## What you have to do
Would you repeat exactly the part of the listing below that runs from the line containing "3x2m MEDIUM Exhibition Booth" down to the line containing "Traditional inland water", inclusive, and nothing else?
Provided data Block Start
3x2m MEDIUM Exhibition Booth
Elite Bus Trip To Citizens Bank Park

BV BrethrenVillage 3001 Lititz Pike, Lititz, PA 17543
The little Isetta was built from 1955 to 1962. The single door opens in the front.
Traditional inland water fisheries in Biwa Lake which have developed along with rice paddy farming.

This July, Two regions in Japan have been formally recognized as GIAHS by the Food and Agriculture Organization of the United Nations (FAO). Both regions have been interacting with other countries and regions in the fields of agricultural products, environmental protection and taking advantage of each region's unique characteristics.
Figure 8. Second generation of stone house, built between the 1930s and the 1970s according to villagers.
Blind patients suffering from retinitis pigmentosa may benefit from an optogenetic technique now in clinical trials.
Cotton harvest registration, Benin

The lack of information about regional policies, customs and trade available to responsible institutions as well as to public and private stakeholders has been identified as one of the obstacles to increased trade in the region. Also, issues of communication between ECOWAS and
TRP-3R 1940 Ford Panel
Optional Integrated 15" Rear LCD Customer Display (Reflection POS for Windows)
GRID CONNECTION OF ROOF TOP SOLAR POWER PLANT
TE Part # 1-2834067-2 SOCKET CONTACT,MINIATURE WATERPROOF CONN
Provided data Block End
Provided data Block Start
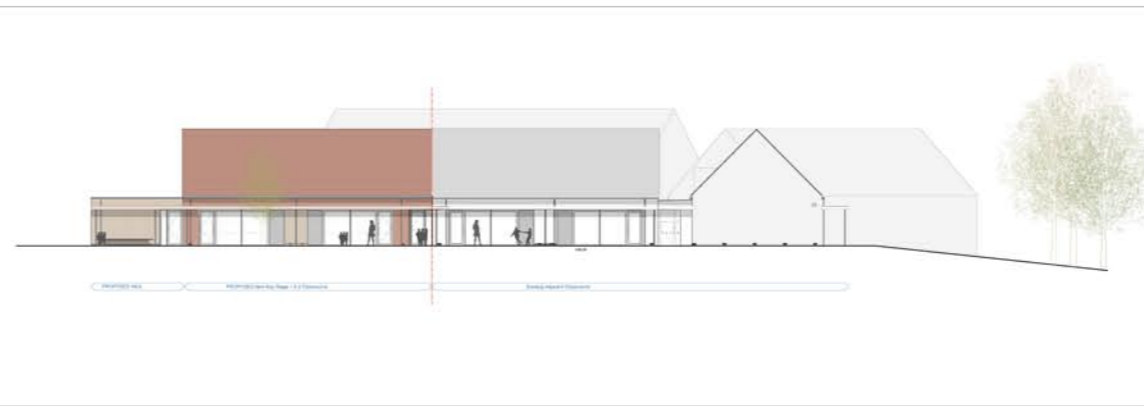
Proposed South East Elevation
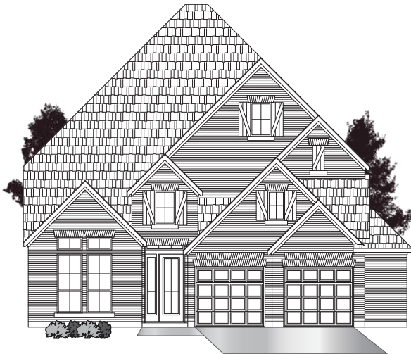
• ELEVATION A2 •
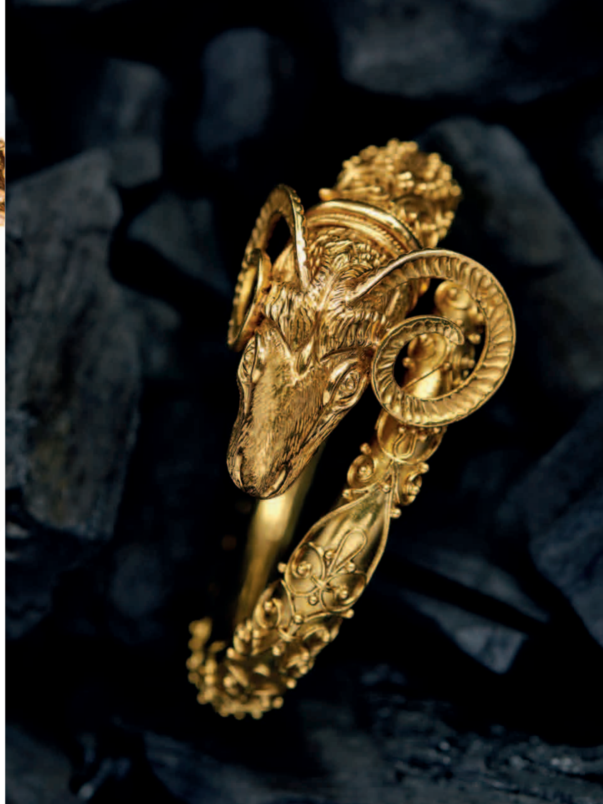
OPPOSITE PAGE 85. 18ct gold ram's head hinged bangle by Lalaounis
Provided data Block End
Provided data Block Start
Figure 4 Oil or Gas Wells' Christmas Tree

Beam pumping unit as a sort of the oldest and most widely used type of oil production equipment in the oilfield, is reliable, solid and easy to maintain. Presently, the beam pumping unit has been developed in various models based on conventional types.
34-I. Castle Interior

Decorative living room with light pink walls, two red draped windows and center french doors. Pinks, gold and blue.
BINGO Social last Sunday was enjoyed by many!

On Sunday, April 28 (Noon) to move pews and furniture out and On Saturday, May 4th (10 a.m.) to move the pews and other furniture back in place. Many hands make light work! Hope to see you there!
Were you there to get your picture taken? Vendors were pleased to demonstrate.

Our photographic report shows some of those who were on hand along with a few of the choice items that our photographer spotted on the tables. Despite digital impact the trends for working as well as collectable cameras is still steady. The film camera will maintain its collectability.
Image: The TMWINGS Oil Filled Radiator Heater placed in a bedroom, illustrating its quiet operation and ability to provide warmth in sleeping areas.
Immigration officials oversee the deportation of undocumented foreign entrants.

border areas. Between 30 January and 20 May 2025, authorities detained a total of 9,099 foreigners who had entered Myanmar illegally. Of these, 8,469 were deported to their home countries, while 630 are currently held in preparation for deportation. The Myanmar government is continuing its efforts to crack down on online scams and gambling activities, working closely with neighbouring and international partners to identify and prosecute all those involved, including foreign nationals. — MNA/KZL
Provided data Block End
## Your solution
3x2m MEDIUM Exhibition Booth
Elite Bus Trip To Citizens Bank Park

BV BrethrenVillage 3001 Lititz Pike, Lititz, PA 17543
The little Isetta was built from 1955 to 1962. The single door opens in the front.
Traditional inland water fisheries in Biwa Lake which have developed along with rice paddy farming.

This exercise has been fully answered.